— Слушайте сюда, — сказал он, — у «Гроссингера» вас не утруждают. Подкову метнете вы, но подбирать ее будет служитель. И метать ее опять же нужно не вверх, а вниз. Ну что, атлеты, за мной.
Я не последовал за ним, решил посмотреть, как косметолог учит дам искусству макияжа. Для демонстрации потребовался волонтер, вперед вышла дородная матрона, косметолог помог ей подняться на возвышение.
— Я знаю, — начал он, — что кое-кого из вас беспокоят мимические морщины у рта. Что ж, вот эта мазилка, если ее правильно наложить, заполнит все углубления… Вот так, теперь вы видите, какая разница между правой и левой стороной лица?
— Нет.
— Уверен, что дамы в первых четырех рядах ее заметили.

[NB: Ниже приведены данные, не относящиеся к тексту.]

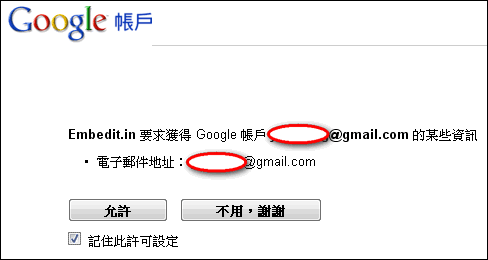 在我選擇了Google登入後,Google會顯示存取要求的提示,選擇「允許」即可

У «Гроссингера» есть все — в том числе и легенда. Легенда о Дженни[277], «ЖИВОМ СИМВОЛЕ „ОТЕЛЯ С ДУШОЙ“», как не устают напоминать заголовки «Гроссингер ньюс». Куда ни кинь глазом — фотографии Дженни с разнообразными знаменитостями. «Наша эмблема, — сообщает гроссингеровский проспект, — прославленная улыбка нашей дорогой Дженни». Романтизированный, но вполне дюжинный портрет Дженни маслом украшает главный вестибюль. Имеется и песня «Дженни», Дженни участвовала в программе «Это твоя жизнь»[278] — событие настолько эпохальное, что в ненастные дни гостей иногда ублажают, показывая им запись программы. Но Дженни — теперь ей за семьдесят — уже не под силу благословлять всех новобрачных, приезжающих в отель. Не может она и так часто, как прежде, «безмятежно скользить» по огромной столовой, поэтому многие ее функции теперь перешли к даме помоложе, миссис Сильвии Джейкобс: она ведает отношениями с гостями и на ее устах неизменно играет улыбка.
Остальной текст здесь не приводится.